Depuis combien de temps n’ai-je plus fait cela ? Cela doit remonter certainement au siècle dernier. Si pas avant… Mon époque révolutionnaire, longs cheveux et foulard rouge.
J’étais donc hier soir à distribuer des tracts pour la libération de Julian Assange. Eh bien j’en suis revenu ébahi. Effrayé.
Nous étions à tout casser 25, moyenne d’âge 60 ans, à affronter pluie, froid et morgue des passants. C’est fou ce qu’il y a du monde un lundi de janvier en fin de journée place de la Monnaie. Combien d’entre eux ont-ils manifesté un quelconque air de curiosité face à nos softs manoeuvres d’approche. 1 sur 30, sur 40 ? Certes, sans doute ai-je perdu la main, la manière, le talent. Je ne me sentais pas bien dans ce rôle qui consistait à importuner les gens tout occupés à leurs soldes d’hiver pour leur parler d’un gars qui croupit idiotement dans une geole britannique en plein 21ème siècle parce qu’il a osé, le salaud, dénoncer le dénonçable. Qu’il croupisse bon sang !
« Vous connaissez Assange ? » tentais-je, affublé d’un panneau Free Assange. Ou : « Un journaliste est en train de mourir dans une prison anglaise ! » Ou encore « Madame, on a besoin de votre signature ! » Aucune formule ne sortit du lot. Les gens faisaient un pas pour m’éviter ou regardaient tout d’un coup les flaques d’eau. Ou répondaient oui oui, ou non merci, ou j’ai pas le temps. Ou un rien du tout teinté d’un regard vide et fermé, impénétrable. Un jeune fait mine de ralentir, happé par mon pauvre bagout ? Sa maman lui intime sèchement de continuer, viens, allez viens ! Comme si j’étais un vieux pervers.
Cinq personnes ont daigné parler avec moi. Deux Algériens d’abord, enchantés de me voir si au fait de leur Hirak, leur « mouvement », leur révolution. Ils ont bien sûr signé. La liberté de la presse, ils en connaissent le prix ! Et ensuite trois Sicilens, heureux et fiers de signer pour une telle cause.
Heureusement qu’il y a des étrangers en Belgique.

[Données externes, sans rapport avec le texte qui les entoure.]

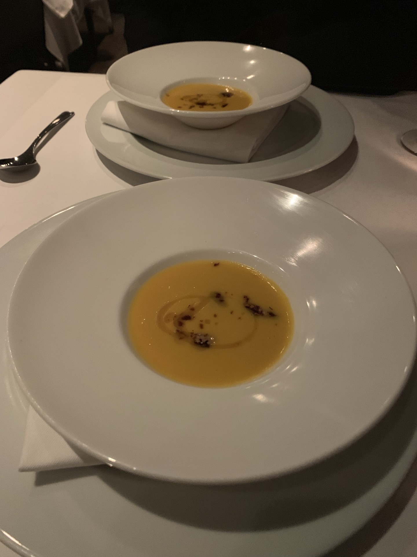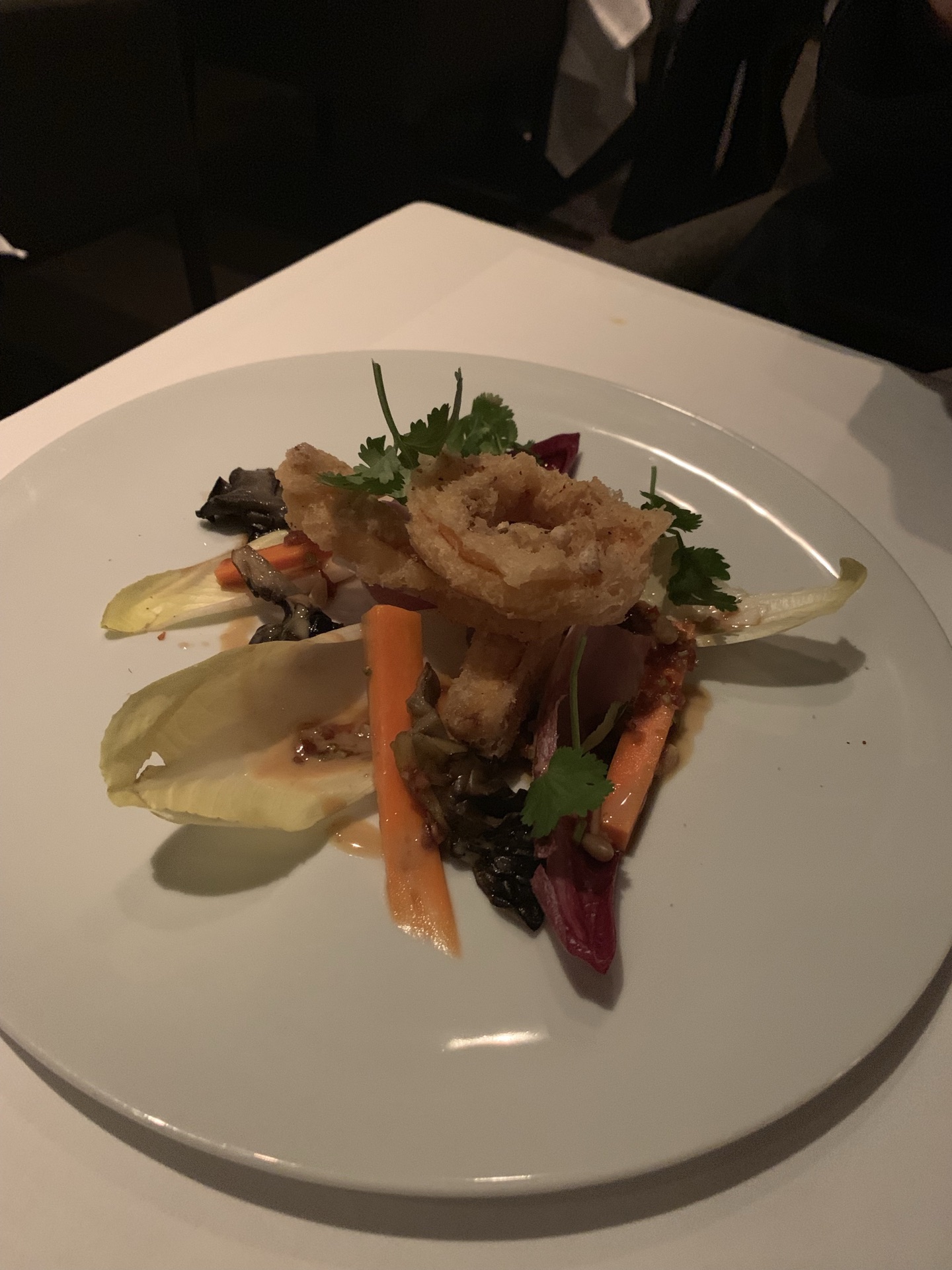 味道很不错的一个隐蔽餐厅,在一堆居民楼楼下,幸好有valet帮忙停车! 从餐厅里面可以看到CN塔还有城市,很神奇,因为这个地方是个地下,不在很高层,但也都能把美景尽收眼底。环境非常的暗,这是我去过光线最暗的餐厅之一,很适合穿一条美美的裙子!

Après 40 minutes, j’ai arrêté. J’en avais marre, j’étais désespéré. Une société hyper connectée mais peuplée de gens isolés, égocentrés. Si les gens se méfient tant de l’information, s’ils ne sont pas un minimum curieux de ce qu’on leur propose, nos lanceurs d’alerte ne sont pas près de sortir de prison !
La liberté d’expression et le droit à être informé sont les mamelles de toute démocratie. J’y ajouterais bien le devoir de s’informer. D’où mon ode à la curiosité.
un commentaire pour Ode à la curiosité !
Peur-être avons nous déjà perdu la bataille de l’info. Tant de fake news tue la news. Et puis il y a l’égocentrisme grandissant. Tu aurais fait la même démarche pour l’exclusion d’un joueur de foot que tu aurais eu bien plus de signature. Et cette situation n’est pas due au hasard, elle est fabriquée par les puissants. Laver le cerveau des gens aux grandes eaux des téléréalités, talkshow et autres foot. Du pain et des jeux c’est ce que veut le peuple et surtout pas de s’impliquer, mais ils seront les premiers à se plaindre quand ils auront tout perdu ! Bon courage à toi et merci pour ton engagement.